Johnson et al, 2008 vergeleek het geschatte rustmetabolisme door middel van de Harris en Benedict 1919 formule met het exact gemeten rustmetabolisme bij long-, darm- en hoofd-hals kankerpatiënten. Aan dit onderzoek deden 36 patiënten mee, onderverdeeld in twee groepen; een groep met

gewichtsverlies (gewichtsverlies van >5% in de afgelopen 6 maanden) en een groep zonder gewichtsverlies (gewichtsverlies van <2% in de afgelopen 6 maanden). Geen van deze deelnemers kreeg radio- en/of chemotherapie. Uit het onderzoek bleek dat de Harris en Benedict formule slecht in overeenstemming was met het gemeten rustmetabolisme, in beide groepen werd het rustmetabolisme onderschat. Bij de patiënten met gewichtsverlies werd het rustmetabolisme in 61% van de gevallen binnen de acceptabele marge geschat. Bij patiënten met een stabiel gewicht was dit 56%. Dit onderzoek beschrijft dat het gebruik van de Harris en Benedict 1919 formule niet geschikt is bij oncologische patiënten in de klinische setting, hierbij werd niet vermeld welke formule wel geschikt zou zijn. (45)

Omdat bij patiënten met hoofd-hals kanker veranderingen plaatsvinden in de lichaamssamenstelling en het rustmetabolisme gerelateerd aan inflammatoire processen onderzocht Souza et al, 2018 het

gemeten en het door de Harris en Benedict 1919 geschatte rustmetabolisme. 140 patiënten werden geïncludeerd in het onderzoek, waarvan grotendeels mannen, deelnemers van 60 jaar en ouder en deelnemers met een gevorderd ziektestadium. Tevens waren de meeste deelnemers ondervoed volgens BMI-criteria, PG-SGA of lage vetvrijemassa waarden. Dit onderzoek toonde aan dat het

energieverbruik niet goed wordt ingeschat met de Harris en Benedict formule. Deze bevindingen zijn niet verrassend, beschrijft Souza et al, omdat recente studies die het gemeten energieverbruik van zieke mensen vergelijkt met diverse formules grote verschillen hiertussen laten zien. Het onderzoek concludeert dat in een grote homogene populatie van patiënten met geavanceerde hoofd-hals tumoren formules zoals Harris en Benedict 1919 onnauwkeurig zijn in vergelijking met indirecte calorimetrie metingen. (46)

(21)

21

4.2 Enquête

Tussen 12 april 2018 en 27 april 2018 werd een online enquête afgenomen om te inventariseren welke formule in de praktijk werd gebruikt om de energiebehoefte van oncologische patiënten in te schatten. Negentien diëtisten die werkzaam waren met oncologische patiënten en tevens lid zijn van de Landelijke Diëtisten Werkgroep Oncologie hebben de enquête ingevuld. Hiervan waren vijftien diëtisten werkzaam in een ziekenhuis, drie werkzaam in de eerste lijn en één werkzaam in een medische instelling.

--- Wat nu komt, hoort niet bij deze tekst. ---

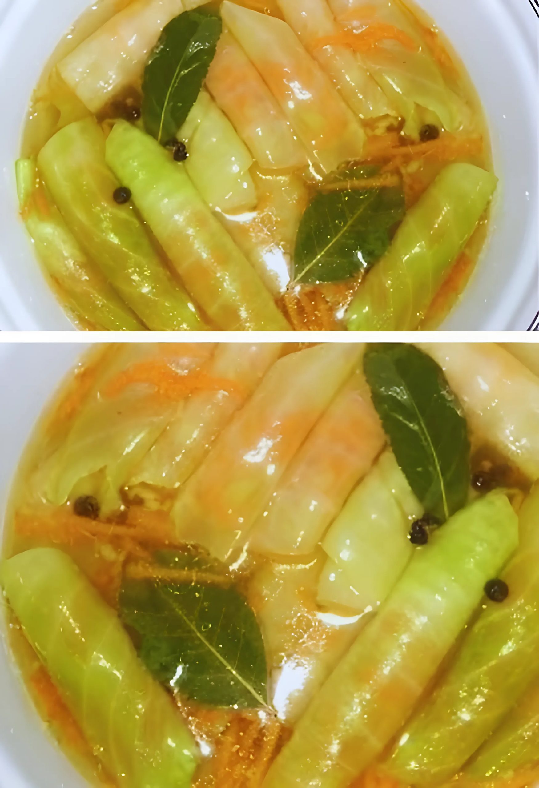 Закипятите воду, насыпьте соль, сахар и варите 5 минут. Добавьте лаврушку, перец, постное масло. После закипания маринада влейте уксус. Когда в третий раз жидкость закипит, залейте ею рулеты. Сверху положите тарелку, чтобы рулеты были полностью покрыты жидкостью.

4.2.1 FORMULES IN DE PRAKTIJK

In figuur 4 is een overzicht te vinden van het gebruik van diverse formules in de praktijk. De meeste respondenten (n=9) gaven aan de FAO/WHO/UNU-formule te gebruiken om de energiebehoefte van oncologische patiënten in te schatten. Daarentegen gebruikte 42,1% (n=8) de herziene Harris en Benedict formule uit 1984,

terwijl één deelnemer gebruik maakte van de originele Harris en Benedict formule uit 1919. Tot slot legde één respondent uit dat gebruikgemaakt werd van verschillende formules, afhankelijk van de patiënt en lichaamssamenstelling.

Alle diëtisten in de eerste lijn gebruikten de herziene Harris en Benedict formule uit 1984 (n=3).

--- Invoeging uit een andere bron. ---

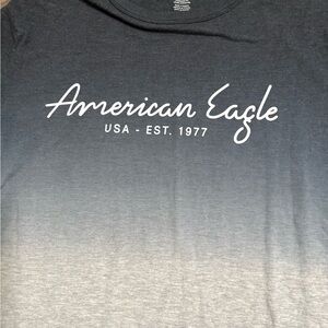 Chic gradient tee with American Eagle script. Dark to light gray transition.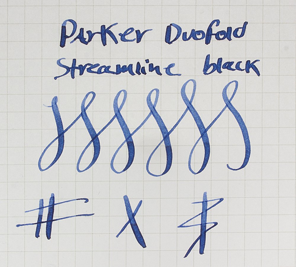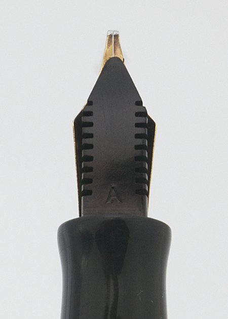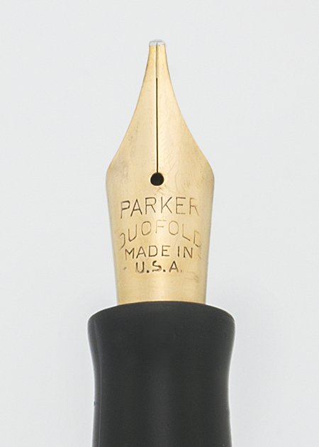 Nib STUB. Huge 14k "Parker Duofold Made in U.S.A". nib. Very smooth and nice to write with. It has a touch of flex to it and writes like a wet broad italic. Please see the writing sample below. It has an A on the feed which indicates a non-standard feed.

4.2.2 WAAROM IS VOOR DEZE FORMULE GEKOZEN

Het grootste gedeelte van de respondenten (42%) gaf aan dat de keuze voor de desbetreffende formule gebaseerd is op onderzoek of andere bronnen (n=8). De bronnen die hierbij genoemd werden, waren Handboek Voeding bij Kanker, Zakboek Diëtetiek en het onderzoek van Kruizenga et al, 2016. Drie van de respondenten gebruikten de FAO/WHO/UNU-formule bij een BMI ≤ 30 kg/m2 en de Harris en Benedict 1984 bij een BMI >30 kg/m2 op basis van het onderzoek van Kruizenga et al. Daarentegen gebruikte één respondent juist de Harris en Benedict 1984 op basis van ditzelfde onderzoek en Zakboek Diëtetiek. Ook noteerden twee respondenten de FAO/WHO/UNU-formule te gebruiken op basis van een onderzoek, maar gaven hierbij niet aan welk onderzoek dit betrof.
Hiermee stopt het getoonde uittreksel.